A message from the sponsor of the Employee Benefits/Premier Pensions and Workpalce Savings Research 2012:

This year will be remembered for many things, not least the London 2012 Olympics and Paralympic Games. But for the benefits industry, it will be remembered for the start of auto-enrolment.

Many employers have for years offered valuable retirement benefits for their staff, but it is clear from take-up rates that many staff are simply disengaged or perhaps just disillusioned with pensions.

In the 1980s, many staff automatically entered pension schemes when they began work. Back then, we didn’t really notice contributions deducted from our pay and now we are relieved to have 20-plus years’ worth of pension savings behind us. Future generations will doubtless feel the same.

So how prepared are employers for auto-enrolment? This year’s pensions and workplace savings research is encouraging, with some 72% of employers having project plans in place and a similar number having planned their budgets.

Worryingly, about 35% of organisations are not confident their HR/payroll systems will be able to cope. Our experience with companies that must comply with the new regulations next year is that payroll providers are far from ready, and even those that have started work are unlikely to be able to provide an all-encompassing solution.
From the government’s perspective, it is no doubt worrying that only 11% of employers surveyed are planning to use the national employment savings trust (Nest) for auto-enrolment, in light of the huge investment it has made in the scheme.

Similarly, just 10% of employers plan to use alternative ‘super trust’ arrangements such as The People’s Pension and Now:Pensions.
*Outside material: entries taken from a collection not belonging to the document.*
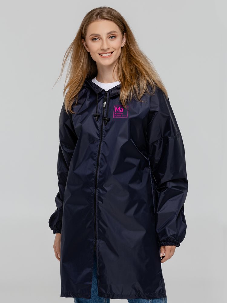 Плащ-дождевик из ткани таффета на молнии с капюшоном. Складывается в мешочек — удобно брать с собой.
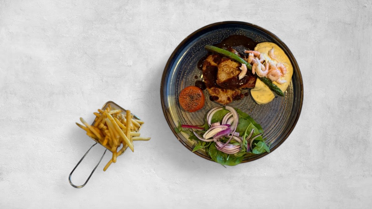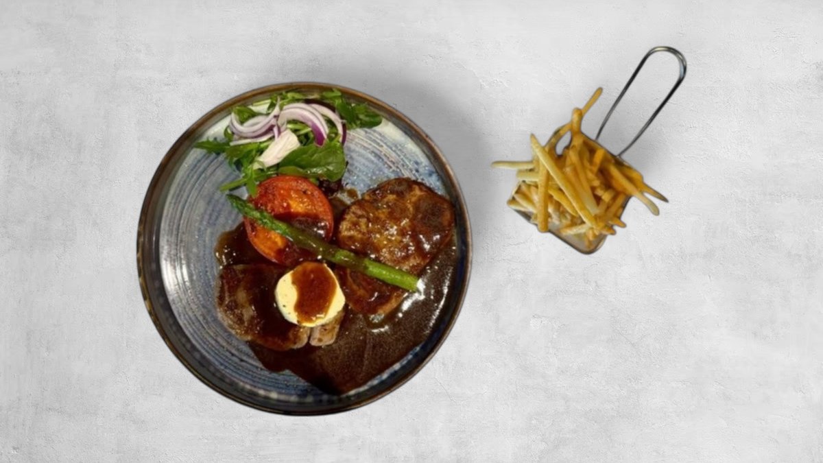 Serveras med semibakad tomat, sparris, rödvinssås & persiljesmör Välj mellan pommes frites eller klyft potatis.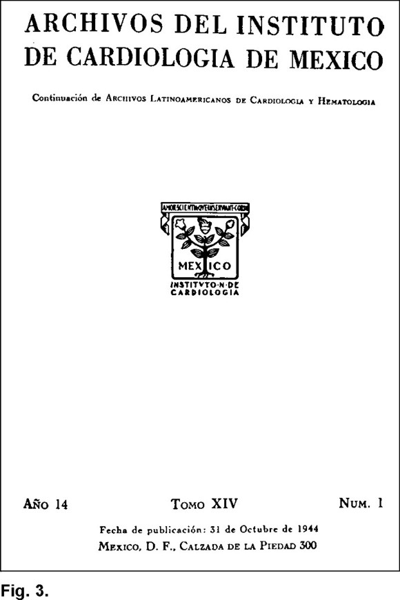 Esta revista vio, durante sus 13 años de publicación, el nacimiento de las Revistas Cubana, Argentina y Venezolana de Cardiología; así mismo, en ella publicaron sus investigaciones los más prestigiados cardiólogos y hematólogos no sólo de los países latinos, sino personalidades, ilustres de los Estados Unidos, Francia e Inglaterra, (Fig. 2). Con la fundación del Instituto Nacional de Cardiología de México en 1944, la revista cambió su nombre al de "Archivos del Instituto Nacional de Cardiología" (Fig. 3) fungiendo como órgano oficial del recién fundado Instituto. El primer número sale a la luz en agosto (julio-agosto) del año de 1944 como continuación de los "Archivos Latinoamericanos de Cardiología y Hematología». El Dr. Ignacio Chávez funge como director; en el Consejo editorial se destacan los nombres de Ignacio González Guzmán y Arturo Rosenblueth, el jefe de redacción fue el Dr. Isaac Costero y en el Comité de redacción se destacan Salvador Aceves, Teófilo Ortiz Ramírez, Mario Salazar Mallen, Demetrio Sodi Pallares y Manuel Vaquero.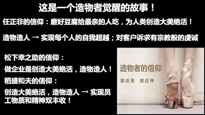 稻盛和夫的所有的案例,每一刻都要创造大美绝活,在造物造人中实现员工的物质和精神的两方面的幸福。这是很清晰的。所以今天要回到我们企业中来,所以我就想把这个原点给夯实了。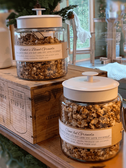 When creating a Breakfast Bar… look around your house for tables that might work. I stole this table from my entryway (which I picked up at a garage sale for $25), I velcroed the “Gathering” sign to the frame of the stand, tucked in some Christmas greens, and garnished it with a string of clear lights. The glass containers were hiding in my pantry, sitting empty with black lids. I gave them a quick coating of white spray paint and designed a label. Be creative with what you have!

Most appear to be planning to use their existing pension scheme.

Encouragingly, only 16% of employers plan to fix their pension contributions at the minimum levels required. But it is surprising only 39% plan to use salary sacrifice for auto-enrolled staff, which would result in savings for both employers and employees. This is due to HM Revenue and Customs granting pension contributions the same tax status as childcare vouchers and confirming that arrangements can be unravelled if staff opt out of their scheme. We expect more salary sacrifice arrangements in future.

It is good to see two-thirds of employers have governance processes in place to oversee their default investment strategy, but it is worrying that in most schemes most members remain within the default option without any thought to its suitability or their investment risk. After contributions, investment performance has the biggest impact on retirement income, so fund selection is critical.

The most common default option is a managed fund with lifestyling, but the performance of many of these funds is, at best, mediocre. Few schemes use multi-asset or diversified growth funds, which are increasingly being adopted by the largest schemes to optimise fund performance.

Finally, much has been made of corporate wraps and platforms, but the survey shows these are still in their infancy, no doubt because so many employers are focusing on auto-enrolment rather than broadening the range of benefits they offer.